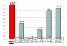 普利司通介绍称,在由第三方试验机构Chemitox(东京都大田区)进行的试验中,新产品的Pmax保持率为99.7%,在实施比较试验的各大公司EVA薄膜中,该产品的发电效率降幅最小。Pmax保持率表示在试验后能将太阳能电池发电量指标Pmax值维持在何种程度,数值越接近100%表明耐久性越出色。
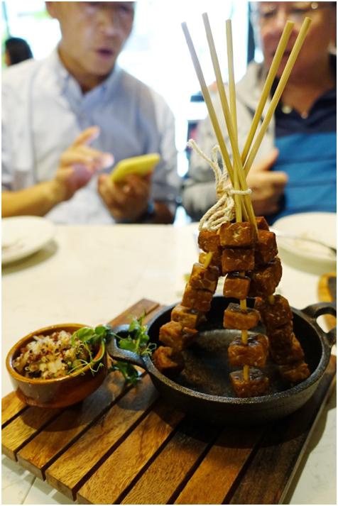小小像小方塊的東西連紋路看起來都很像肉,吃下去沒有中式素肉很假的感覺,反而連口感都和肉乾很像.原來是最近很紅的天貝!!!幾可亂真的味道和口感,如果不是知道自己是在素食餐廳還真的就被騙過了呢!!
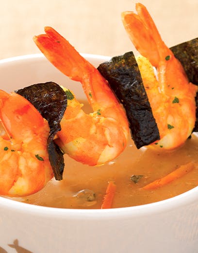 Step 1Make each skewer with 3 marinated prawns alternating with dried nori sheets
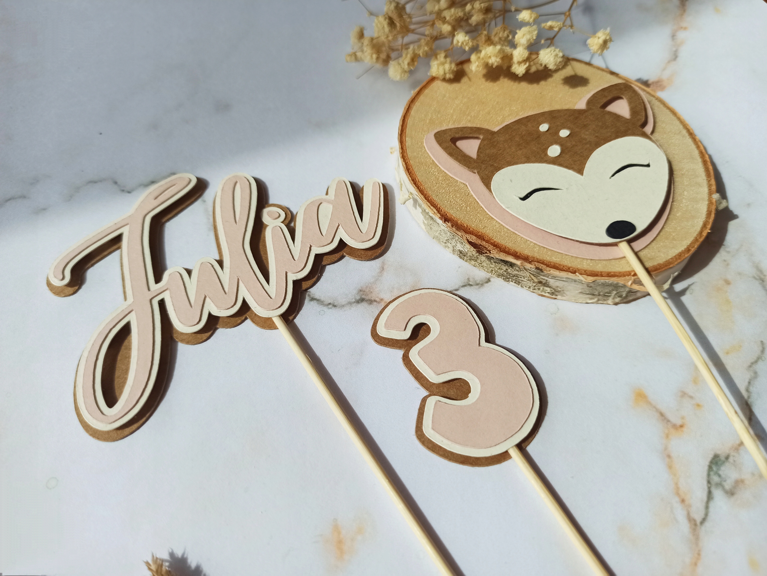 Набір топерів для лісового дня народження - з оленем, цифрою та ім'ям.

==

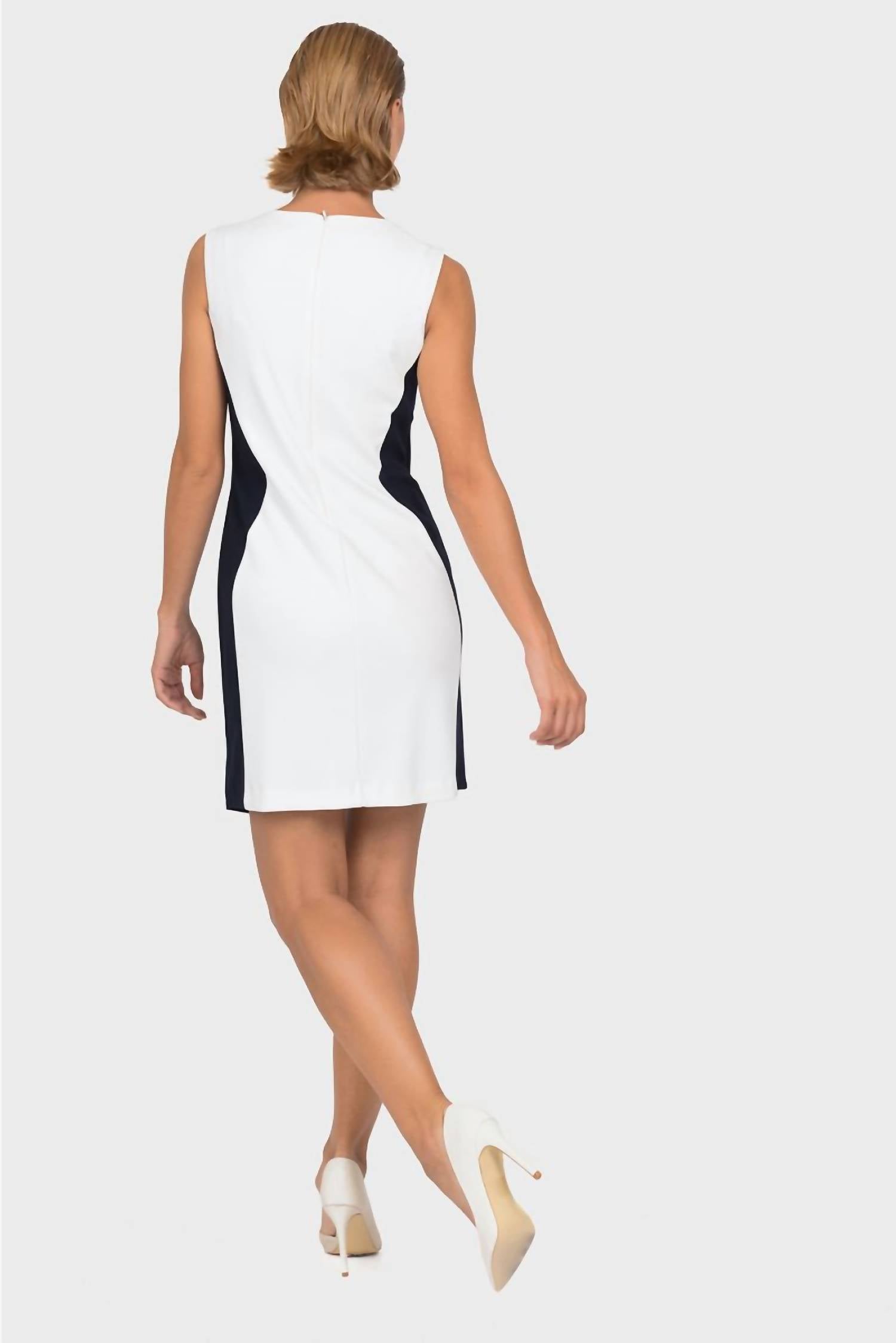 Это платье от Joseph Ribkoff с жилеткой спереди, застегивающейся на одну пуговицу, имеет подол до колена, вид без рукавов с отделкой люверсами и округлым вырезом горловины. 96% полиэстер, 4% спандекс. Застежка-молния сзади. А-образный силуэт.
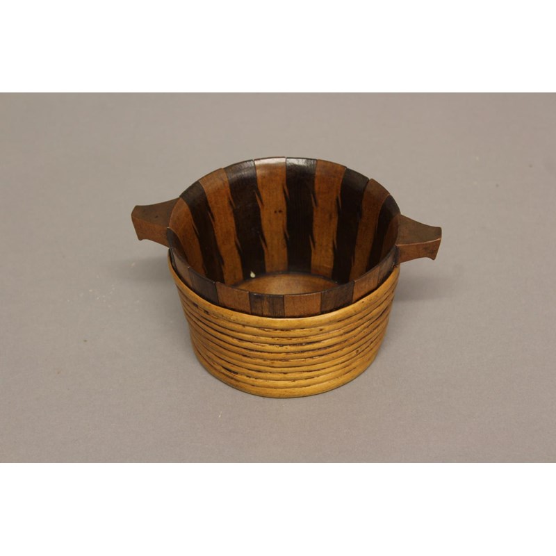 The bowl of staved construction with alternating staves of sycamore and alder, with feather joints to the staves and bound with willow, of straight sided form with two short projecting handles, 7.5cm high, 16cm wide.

▶ Assignment
Leaving every picture aside, reproduce exactly the lines above from the one with "普利司通介绍称,在由第三方试" up to and including the one with "Набір топерів для", and no others.

▶ Solution for this task
 普利司通介绍称,在由第三方试验机构Chemitox(东京都大田区)进行的试验中,新产品的Pmax保持率为99.7%,在实施比较试验的各大公司EVA薄膜中,该产品的发电效率降幅最小。Pmax保持率表示在试验后能将太阳能电池发电量指标Pmax值维持在何种程度,数值越接近100%表明耐久性越出色。
小小像小方塊的東西連紋路看起來都很像肉,吃下去沒有中式素肉很假的感覺,反而連口感都和肉乾很像.原來是最近很紅的天貝!!!幾可亂真的味道和口感,如果不是知道自己是在素食餐廳還真的就被騙過了呢!!
 Step 1Make each skewer with 3 marinated prawns alternating with dried nori sheets
 Набір топерів для лісового дня народження - з оленем, цифрою та ім'ям.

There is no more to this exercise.